Nick Craig was riding bikes before a lot of current MTB racers were born and there aren't many riding disciplines he hasn't given a go.
Craig has won eight national titles – three in cyclocross (CX), three in Olympic-distance cross-country (XCO) and two in XC marathon (XCM) – and competed at the 2000 Olympic Games in both the road race and the mountain biking.
The 56-year-old from Stockport is now a brand ambassador for Scott Sports and the man behind Ride For Charlie, set up in memory of his son – himself a promising racer, who sadly passed away in his sleep aged 15 – to support up-and-coming riders.
He started in the 70s
It all began for Nick in the late 1970s, when, in his own words, he “stumbled on bikes”.
“My dad introduced me to cyclocross when I was nine,” Craig recalls.
“That would’ve been ’79. I had a 24in-wheeled Raleigh Arena, trainers, flat pedals, really tight short-shorts, a football shirt and my mum’s gardening gloves. Helmets weren’t worn then.
“I did that winter [season], and that was me hooked. You can imagine riding cyclocross on bald tyres – it was basically learning to slide around corners and try to stay upright!"
Bikepacking provided his training sessions

“By the age of 12, I was doing track, road, cyclocross, criteriums (short closed-circuit road races) – whatever I could get my hands on, really. I was racing a lot.
“Then a friend introduced me to touring – we call it bikepacking now, don’t we? – and I’d go off youth-hostelling in the Lake District or on days out in the Peaks.

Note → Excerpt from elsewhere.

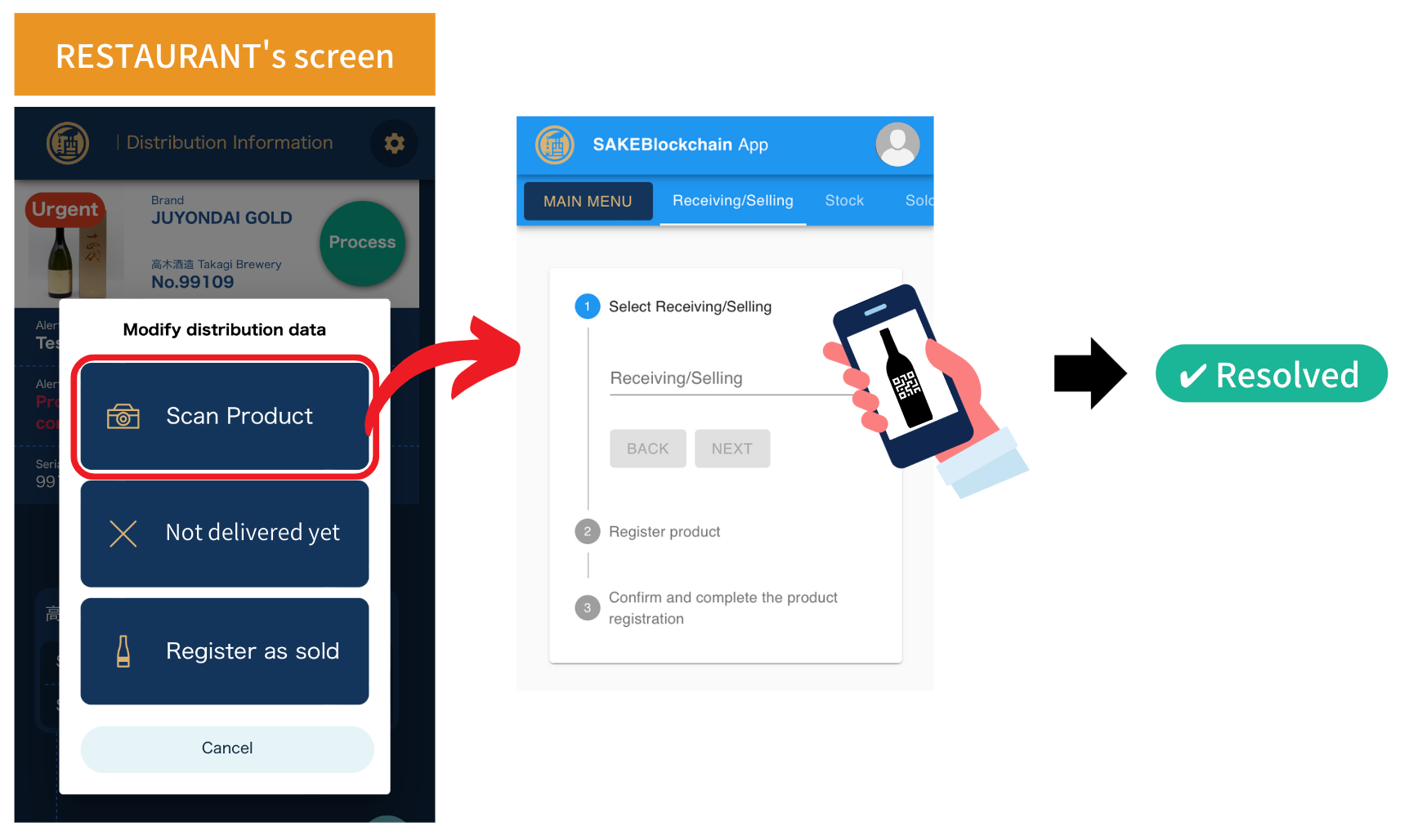 TITLE:[SakeBlockchain] Bottle sold without Receiving AND Selling Scans at

“[Those rides] were my training camps – we just rode our bikes, usually with a saddle bag full of sandwiches and a couple of quid for tea at a cafe, and that was cycling to me.”
Cyclocross was the gateway to MTB racing
Nick continued to compete, but developed a strong preference for off-road racing. “I started to win national-level cyclocross races,” he recalls.
“I loved the off-road scene; the summer [road] scene wasn’t doing a lot for me. Then this wonderful sport, mountain biking, sort of appeared.
“I noticed that Tim Gould and David Baker [of Team Peugeot], who were four or five years older than me, were trying this sport out.
“They did it first, and in the winter of 1988, I ended up trying out a mountain bike. We rode around Kinder Reservoir [in Derbyshire] in deep snow, on Muddy Fox Couriers, and we froze and couldn’t feel our fingers.
“We walked these bikes around the reservoir, took them back and went, ‘That’s not for us!’ I think it was the bikes and the conditions.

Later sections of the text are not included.